堆简介
A heap is a tree in which each node has a key value. The value of each node is greater than or equal to/less than or equal to the value of its parent.
The heap whose value of each node is greater than or equal to its parent value is called the min heap, otherwise it is called the max heap. The priority_queue in STL is actually a max heap.
The main operations supported by the (min) heap are: insert a number, query or delete the minimum value, merge two heaps, and reduce the value of an element.
Some powerful heaps (parallel heaps) can also (efficiently) support operations such as merge.

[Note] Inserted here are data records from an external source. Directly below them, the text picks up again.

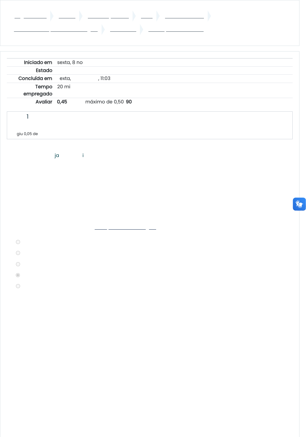 Página inicial Cursos GRADUAÇÃO EAD 2024 Módulo 4 - 2024 2024/4 - Planejamento Estratégico UNIDADE IV Avaliação - Unidade IV Iniciado em sexta, 8 nov 2024, 10:43 Estado Finalizada Concluída em sexta, 8 nov 2024, 11:03 Tempo empregado 20 minutos 11 segundos Avaliar 0,45 de um máximo de 0,50(90%) Questão 1 Correto Atingiu 0,05 de 0,05 A fim de se planejar estrategicamente, é preciso levar em consideração alguns elementos fundamentais: (1) Informações sobre os elementos internos e externos. (2) Análise de implicações futuras e globais de decisões atuais e de ações locais. (3) Exploração de alternativas de ação. (4) Aplicações de pensamento inovador e criativo. (5) Construção de referencial avançado. (6) Visão estratégica. (7) Objetividade, simplicidade e clareza. A definição a seguir pertence a qual elemento? “Corresponde a visão do todo e aprofundada da realidade e do trabalho, com uma forte perspectiva de futuro. Sem (elemento) não pode haver planejamento estratégico.” a. Informações sobre os elementos internos e externos. b. Exploração de alternativas de ação. c. Objetividade, simplicidade e clareza. d. Visão estratégica. e. Construção de referencial avançado. A resposta correta é: Visão estratégica. https://ambienteonline.uninga.br/ https://ambienteonline.uninga.br/course/index.php https://ambienteonline.uninga.br/course/index.php?categoryid=1 https://ambienteonline.uninga.br/course/index.php?categoryid=1535 https://ambienteonline.uninga.br/course/index.php?categoryid=1786 https://ambienteonline.uninga.br/course/view.php?id=29705 https://ambienteonline.uninga.br/course/view.php?id=29705§ion=5 https://ambienteonline.uninga.br/mod/quiz/view.php?id=840701 https://ambienteonline.uninga.br/mod/resource/view.php?id=840681 Questão 2 Correto Atingiu 0,05 de 0,05 Questão 3 Incorreto Atingiu 0,00 de 0,05 Destacamos que existem várias ferramentas que podem ser utilizadas para a realização do diagnóstico estratégico, e que buscam identificar o que há de positivo, regular ou negativo nos processos internos e externos da organização. Dentre elas citamos a chamada Análise PEST, que tem como resultado, a busca de estratégias para maximizar as oportunidades que o mercado apresenta e minimizar as ameaças detectadas. Sobre essa ferramenta, é correto afirmar que: I. O termo PEST significa a análise de variáveis Políticas, Econômicas, Sociais e Tecnológicas, buscando um aprofundamento aos pontos relacionados a cada um destes fatores. II. Ela é baseada em dados ainda não computados ou inexistentes, também chamados dados primários, gerados automaticamente por fontes governamentais ou de empresas. III. A análise PEST procura detectar todas as possíveis “doenças”, ou seja, enfermidades e dificuldades internas da organização para que possam ter um diagnóstico mais preciso e tomar as medidas necessárias. Estão corretas a(s) alternativa(s): a. II apenas b. III apenas c. I e II d. I apenas e. I e III A resposta correta é: I apenas Falando sobre algumas fases do Planejamento Estratégico, destacamos esta que é vista muitas vezes como a primeira das fases do processo de Planejamento Estratégico, sendo o início de tudo. Esta deve responder à uma pergunta muito simples e básica: “Qual a real situação da empresa em seus aspectos internos e externos?”. Destacamos que existem várias ferramentas que podem ser utilizadas para a realização desta fase, e que buscam identificar o que há de positivo, regular ou negativo nos processos internos e externos da organização. Estamos falando de: a. Diagnóstico estratégico. b. Missão e Visão da Empresa. c. Controle e Avaliação. d. Instrumentos prescritivos e quantitativos. e. Objetivos e Valores organizacionais. A resposta correta é: Diagnóstico estratégico. https://ambienteonline.uninga.br/mod/resource/view.php?id=840681 https://ambienteonline.uninga.br/mod/resource/view.php?id=840681 Questão 4 Correto Atingiu 0,05 de 0,05 Questão 5 Correto Atingiu 0,05 de 0,05 Kotler (1992, p. 62), afirma que: “O planejamento estratégico é um processo gerencial de desenvolver e manter uma direção estratégica, alinhando as metas e os recursos da organização. Preparando-a, para as mutantes oportunidades de mercado”. Já para Lorange e Vancil (1976, pág.75), “não existe uma metodologia universal de planejamento estratégico, porque as empresas diferem em tamanho, em tipos de operações, em forma de organização, em filosofia e estilo administrativo”. Sendo assim, a metodologia deve ser sempre adaptada a realidade e condições internas e ambientais de cada empresa ou organização que a quiser utilizar. Nesse contexto, as fases básicas para elaboração e implementação do planejamento estratégico podem ser as seguintes: a. Diagnóstico estratégico; Missão da Empresa; Instrumentos prescritivos e quantitativos; Controle e Avaliação. b. Programa tático-operacional; Situação da Empresa; Procedimentos previsíveis e Associativos; Contratos e Documentação . c. Diagnóstico gerencial; Visão da Empresa; Processos descritivos e qualificáveis; Consenso e Análises. d. Projeto estratégico; Missão da Empresa; Documentos prescritivos e qualitativos; Contratos de Avaliação. e. Projeto estratégico; Divisão da Empresa; Instrumentos táticos e gerenciais; Controle e Reação. A resposta correta é: Diagnóstico estratégico; Missão da Empresa; Instrumentos prescritivos e quantitativos; Controle e Avaliação. Objetivos são os alvos ou situações concretas que se pretende atingir, com prazos e responsabilidades perfeitamente definidas. Metas são passos ou etapas perfeitamente quantificados, com responsáveis, recursos e prazos definidos, e coerentes com uma determinada ESTRATÉGIA para que os Objetivos Estratégicos ou Setoriais sejam alcançados. O que é uma estratégia? I. Como executar os passos para atingir um objetivo. II. Orientações gerais que expres
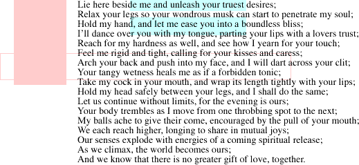 Back to Hericorte's Erotic Poetry Listing (index) Email me: [email protected] All poems, Copyright 2000, Paul Hericorte. All Rights Reserved. HOWEVER These poems are meant for enjoyment, and I give you full permission to use them in your private life. So if you wish, share them with a loved one or a friend. Please DO NOT steal them and attempt to publish the works as your own! To request a poetry reading, please send me an email. I do about ten a year - always ready for new adventures. |
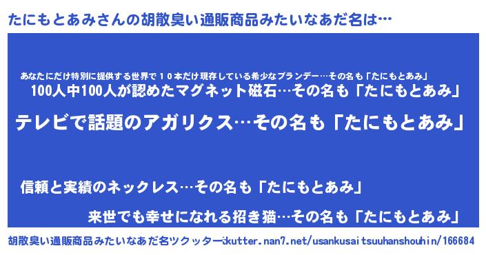 | ヘコむあだ名 | 『たにもとあみ(爆)』『たにお』 |
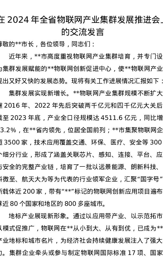 在2024年全省物联网产业集群发展推进会上的交流发言
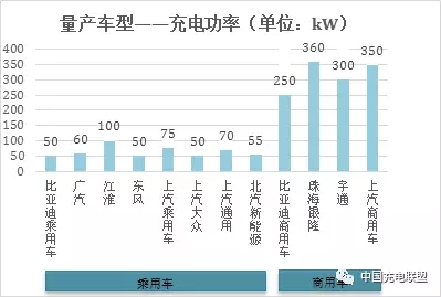 乘用車方面,充電功率普遍在0~75kW之間,其中江淮量產(chǎn)乘用車充電功率最高可達(dá)到100kW。
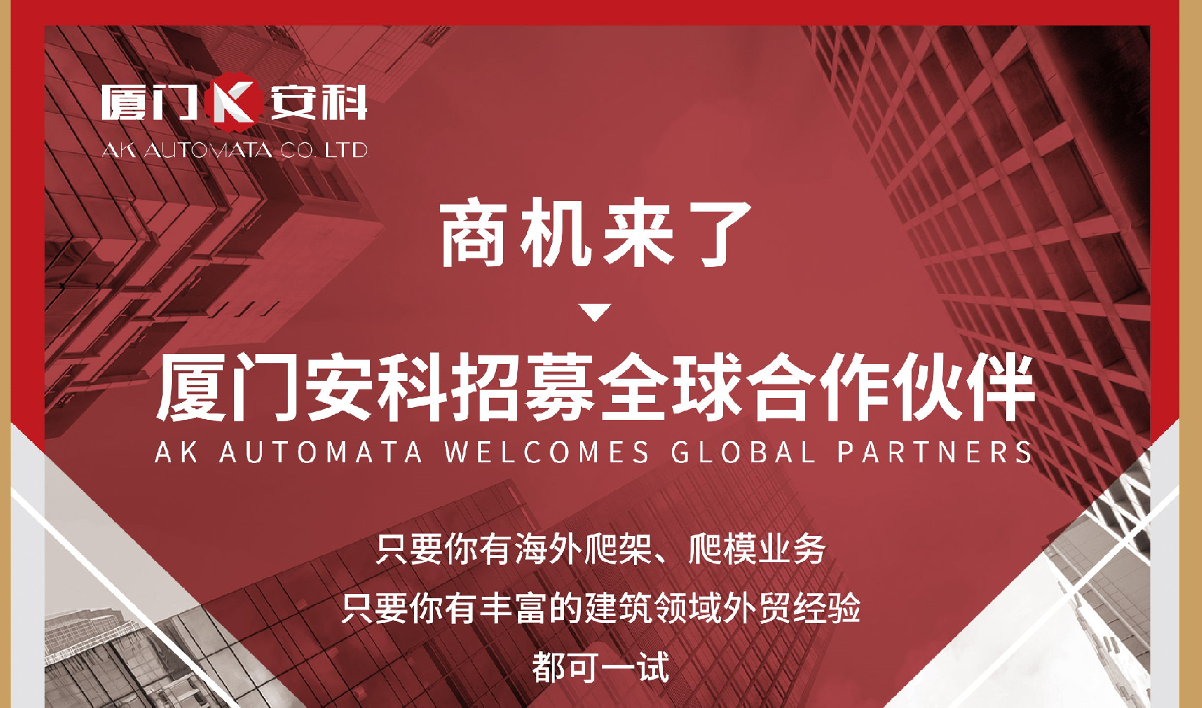 商機(jī)來了,只要你有海外爬架、爬模業(yè)務(wù);只要你有豐富的建筑領(lǐng)域外貿(mào)經(jīng)驗(yàn);都可一試!
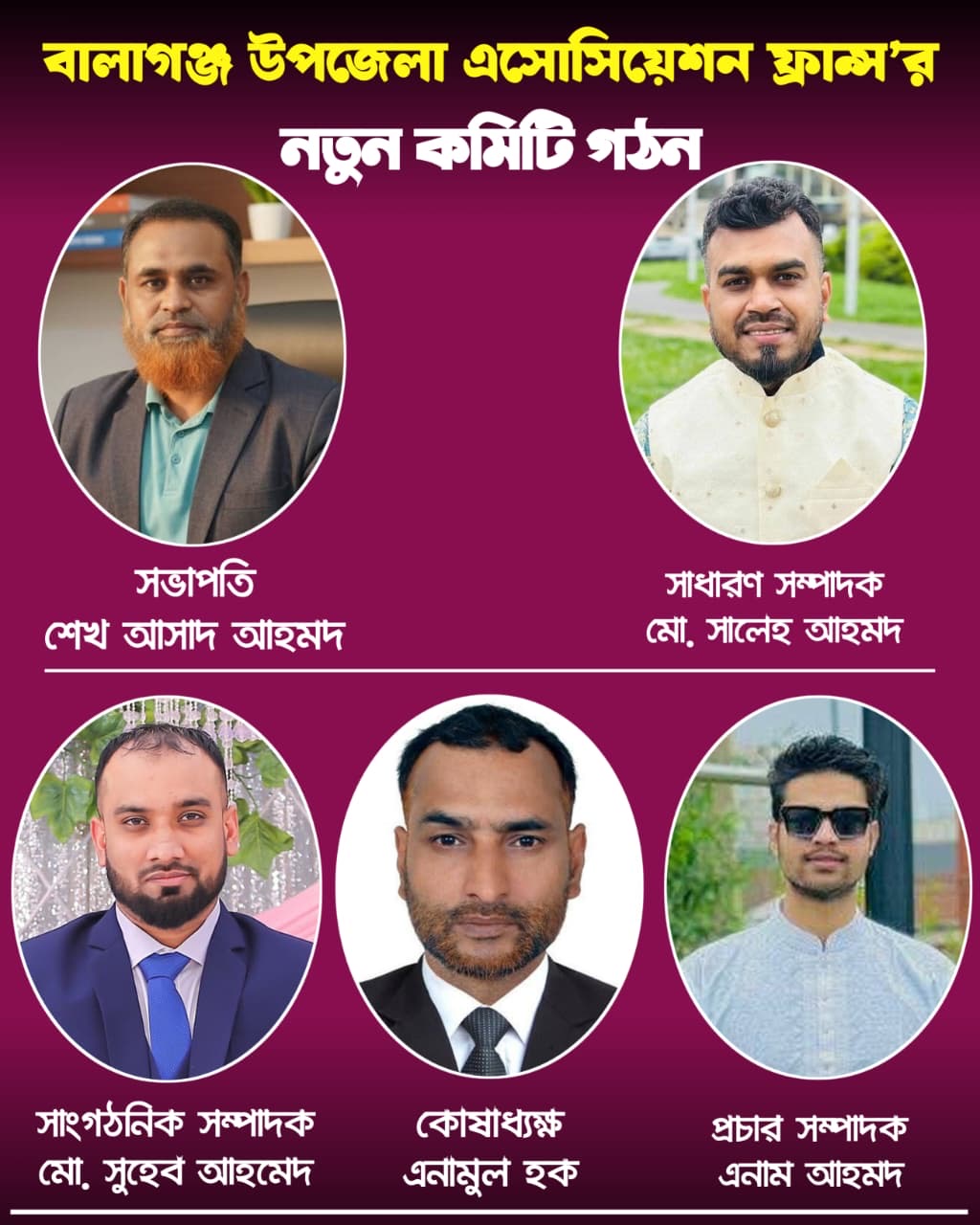 ফ্রান্সে বসবাসরত বালাগঞ্জ উপজেলার নাগরিকদের সামাজিক সংগঠন বালাগঞ্জ উপজেলা এসোসিয়েশন ফ্রান্স’র নতুন কমিটি গঠন করা হয়েছে। ২০১৯ সালের ২১ সেপ্টেম্বর প্রতিষ্ঠিত এবং ফ্রান্স সরকার কর্তৃক রেজিস্ট্রেশনপ্রাপ্ত (নং-N° W932010930) এ সংগঠনের নতুন কমিটি গঠন উপলক্ষে গত মঙ্গলবার (১৬ সেপ্টেম্বর) এক সাধারণ সভা অনুষ্ঠিত হয়। অনুষ্ঠিত সভায় গঠিত কমিটির কর্মকর্তারা হলেন, সভাপতি শেখ আসাদ আহমদ, সিনিয়র সহ-সভাপতি ইউসুফ আলী, সহ-সভাপতি সালমান আহমেদ, সহ-সভাপতি সুহেল আহমেদ, সহ-সভাপতি মির্জা শফিকুর রহমান, সহ-সভাপতি আতাউর রহমান তালুকদার, সহ-সভাপতি আক্তার হোসেন, সহ-সভাপতি সাজ্জাদ আহমেদ, সহ-সভাপতি খালেদ আহমদ, সহ-সভাপতি জাহাংগীর আলম, সাধারণ সম্পাদক ছালেহ আহমদ, সিনিয়র সহ সাধারণ সম্পাদক ইয়াছিন আলী তালুকদার, সহ-সাধারণ সম্পাদক আব্দুল মজিদ, সহ-সাধারণ সম্পাদক এম.এম.মাছুম, সহ সাধারণ সম্পাদক শেখ জাবের আহমদ, সহ সাধারণ সম্পাদক মির্জা সুজন, সহ-সাধারণ সম্পাদক আব্দুল জলিল, সহ-সাধারণ সম্পাদক স্বপন দাস, সহ-সাধারণ সম্পাদক আব্দুল মালিক, সাংগঠনিক সম্পাদক সুয়েব আহমেদ স্বপন, সহ-সাংগঠনিক ফয়েজ আহমেদ, সহ-সাংগঠনিক ফজরুল আমীন, সহ-সাংগঠনিক মির্জা জায়েদ, সহ-সাংগঠনিক রুমন আহমেদ, সহ-সাংগঠনিক কাওছার আহমেদ, সহ-সাংগঠনিক মাহবুব তালুকদার, সহ-সাংগঠনিক হাসান আহমেদ, সহ সাংগঠনিক সম্পাদক সাকিব আহমদ সিদ্দিকী, কোষাধ্যক্ষ এনামুল হক, সহ-কোষাধ্যক্ষ শাহ আলম, প্রচার সম্পাদক এনাম আহমেদ, সহ-প্রচার সম্পাদক আক্তার আহমেদ, দপ্তর সম্পাদক জাহাঙ্গীর আলম স্বপন, সহ-দপ্তর সম্পাদক সাইফ আহমেদ, সহ-দপ্তর সম্পাদক মো: রুবেল মিয়া, ক্রীড়া বিষয়ক সম্পাদক ফরহাদ আহমদ, সহ-ক্রীড়া বিষয়ক সম্পাদক সালমান আহমেদ, সহ-ক্রীড়া সম্পাদক শেখ আল-মাহমুদ সামি, আন্তর্জাতিক বিষয়ক সম্পাদক আলামিন হোসেন, সহ-আন্তর্জাতিক বিষয়ক সম্পাদক খয়রুল ইসলাম রুবেল, সহ-আন্তর্জাতিক বিষয়ক সম্পাদক রুবেল আহমেদ, সহ-আন্তর্জাতিক বিষয়ক সম্পাদক আক্তার আহমদ, ধর্ম বিষয়ক সম্পাদক জাকারীয়া শাকিল, সনাতন ধর্ম বিষয়ক সম্পাদক বিশ্বজিৎ দাশ, সমাজ কল্যাণ সম্পাদক এম আর জিলা, সহ-সমাজ কল্যাণ সম্পাদক ফয়জুর রহমান রানা, সহ-সমাজ কল্যাণ সম্পাদক তালুকদার সাইদুর মুন্না, শিক্ষা ও পাঠ বিষয়ক সম্পাদক মাহবুব শিকদার, সহ-শিক্ষা ও পাঠ বিষয়ক সম্পাদক রাজন চৌধুরী, আইন বিষয়ক সম্পাদক মুস্তাক বেগ, সাংস্কৃতিক বিষয়ক সম্পাদক শেখ জুনেদ, সহ-সাংস্কৃতিক বিষয়ক সম্পাদক মাসুদ আহমেদ, শ্রমিক কল্যাণ সম্পাদক সুলতান আহমদ, সহ-শ্রমিক কল্যাণ সম্পাদক শিপন আহমদ, অনলাইন বিষয়য়ক সম্পাদক শেখ রাইয়ান আহমদ আসুক, সহ-অনলাইন বিষয়ক সম্পাদক সালেহ আহমদ।

Some more powerful heaps also support persistence, that is, to query or operate on any historical version to generate a new version.
Types of Heap¶
| Operation\data structure | Pairing heap | Binary heap | Leftist tree | Binomial heap | Fibonacci heap |
|---|---|---|---|---|---|
| insert | O(1) | O(\log n) | O(\log n) | O(1) | O(1) |
| find-min | O(1) | O(1) | O(1) | O(\log n) | O(1) |
| delete-min | O(\log n) | O(\log n) | O(\log n) | O(\log n) | O(\log n) |
| merge | O(1) | O(n) | O(\log n) | O(\log n) | O(1) |
| decrease-key | o(\log n) (Lower bound\Omega(\log \log n) ,\\\\Upper bound O(2^{2\sqrt{\log \log n}}) ) | O(\log n) | O(\log n) | O(\log n) | O(1) |
| Whether to support persistence | \times | \checkmark | \checkmark | \checkmark | \times |
Typically, when referring to "heap" without any specifications, we are referring to a binary heap.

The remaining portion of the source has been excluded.